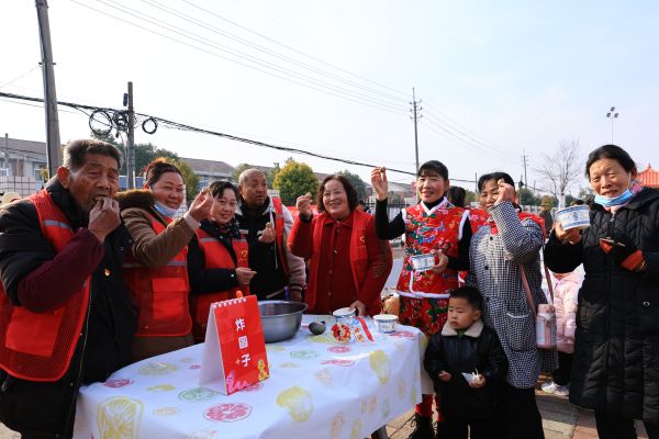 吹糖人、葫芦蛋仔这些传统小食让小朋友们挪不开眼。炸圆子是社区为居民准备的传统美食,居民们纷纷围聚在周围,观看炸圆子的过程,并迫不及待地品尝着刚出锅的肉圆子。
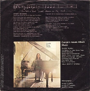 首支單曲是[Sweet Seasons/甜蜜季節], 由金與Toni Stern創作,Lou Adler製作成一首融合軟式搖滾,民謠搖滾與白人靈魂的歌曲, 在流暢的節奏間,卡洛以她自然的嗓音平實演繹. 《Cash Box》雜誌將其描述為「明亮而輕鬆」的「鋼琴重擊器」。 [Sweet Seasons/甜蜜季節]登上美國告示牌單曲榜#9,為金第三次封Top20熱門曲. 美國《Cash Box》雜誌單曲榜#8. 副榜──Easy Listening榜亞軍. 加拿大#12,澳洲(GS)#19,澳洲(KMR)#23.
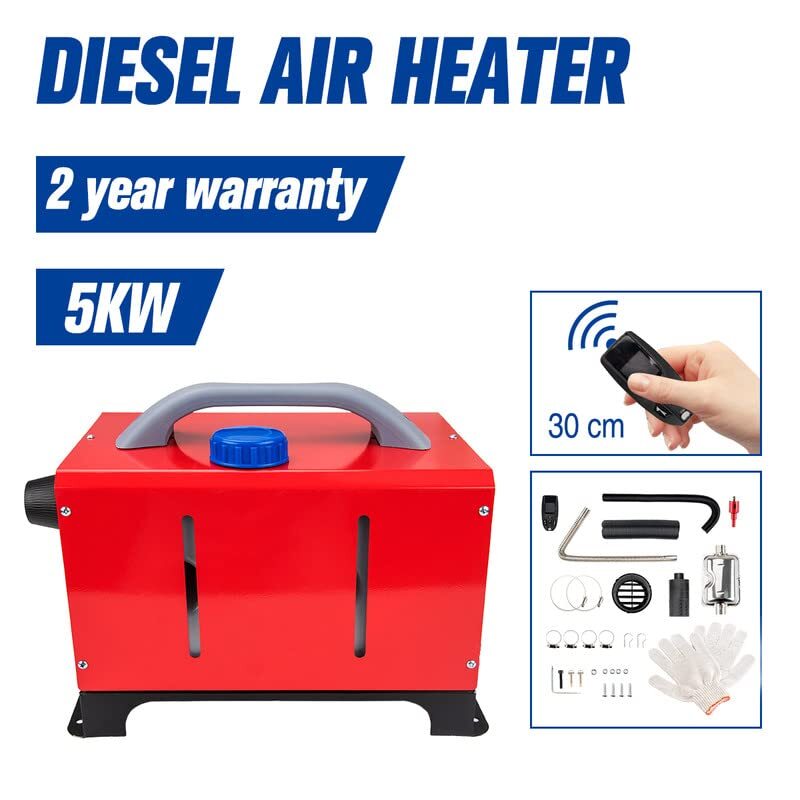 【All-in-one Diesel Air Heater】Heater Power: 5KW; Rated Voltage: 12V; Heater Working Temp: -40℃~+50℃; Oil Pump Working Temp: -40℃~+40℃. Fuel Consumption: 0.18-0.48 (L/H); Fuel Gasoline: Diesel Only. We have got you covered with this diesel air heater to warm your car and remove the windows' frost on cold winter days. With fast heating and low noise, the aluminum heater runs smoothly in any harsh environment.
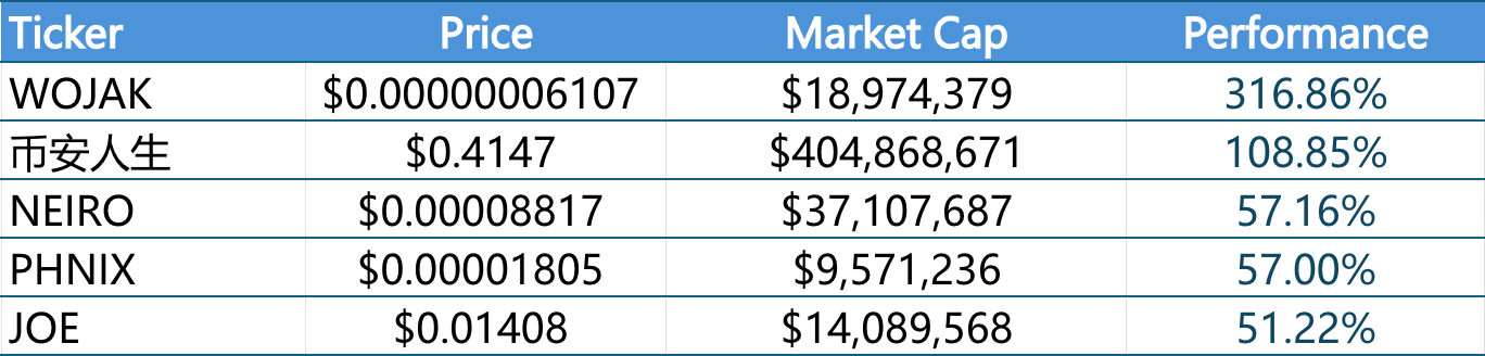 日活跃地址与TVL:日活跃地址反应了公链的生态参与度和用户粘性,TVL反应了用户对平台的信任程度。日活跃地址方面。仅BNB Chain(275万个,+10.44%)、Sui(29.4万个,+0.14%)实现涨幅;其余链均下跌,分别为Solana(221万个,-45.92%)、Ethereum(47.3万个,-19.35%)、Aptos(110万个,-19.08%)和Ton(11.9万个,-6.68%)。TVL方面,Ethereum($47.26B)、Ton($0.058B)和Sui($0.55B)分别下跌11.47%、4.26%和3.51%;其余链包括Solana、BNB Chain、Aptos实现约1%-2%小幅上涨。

******************************

== Requirement ==
What you need to copy is the run of lines from the one holding "首支單曲是[Sweet Seasons/甜蜜季節], 由金與Toni" through the end of the data, exactly and only, both ends included, pictures omitted.

== Final answer ==
 首支單曲是[Sweet Seasons/甜蜜季節], 由金與Toni Stern創作,Lou Adler製作成一首融合軟式搖滾,民謠搖滾與白人靈魂的歌曲, 在流暢的節奏間,卡洛以她自然的嗓音平實演繹. 《Cash Box》雜誌將其描述為「明亮而輕鬆」的「鋼琴重擊器」。 [Sweet Seasons/甜蜜季節]登上美國告示牌單曲榜#9,為金第三次封Top20熱門曲. 美國《Cash Box》雜誌單曲榜#8. 副榜──Easy Listening榜亞軍. 加拿大#12,澳洲(GS)#19,澳洲(KMR)#23.
 【All-in-one Diesel Air Heater】Heater Power: 5KW; Rated Voltage: 12V; Heater Working Temp: -40℃~+50℃; Oil Pump Working Temp: -40℃~+40℃. Fuel Consumption: 0.18-0.48 (L/H); Fuel Gasoline: Diesel Only. We have got you covered with this diesel air heater to warm your car and remove the windows' frost on cold winter days. With fast heating and low noise, the aluminum heater runs smoothly in any harsh environment.
 日活跃地址与TVL:日活跃地址反应了公链的生态参与度和用户粘性,TVL反应了用户对平台的信任程度。日活跃地址方面。仅BNB Chain(275万个,+10.44%)、Sui(29.4万个,+0.14%)实现涨幅;其余链均下跌,分别为Solana(221万个,-45.92%)、Ethereum(47.3万个,-19.35%)、Aptos(110万个,-19.08%)和Ton(11.9万个,-6.68%)。TVL方面,Ethereum($47.26B)、Ton($0.058B)和Sui($0.55B)分别下跌11.47%、4.26%和3.51%;其余链包括Solana、BNB Chain、Aptos实现约1%-2%小幅上涨。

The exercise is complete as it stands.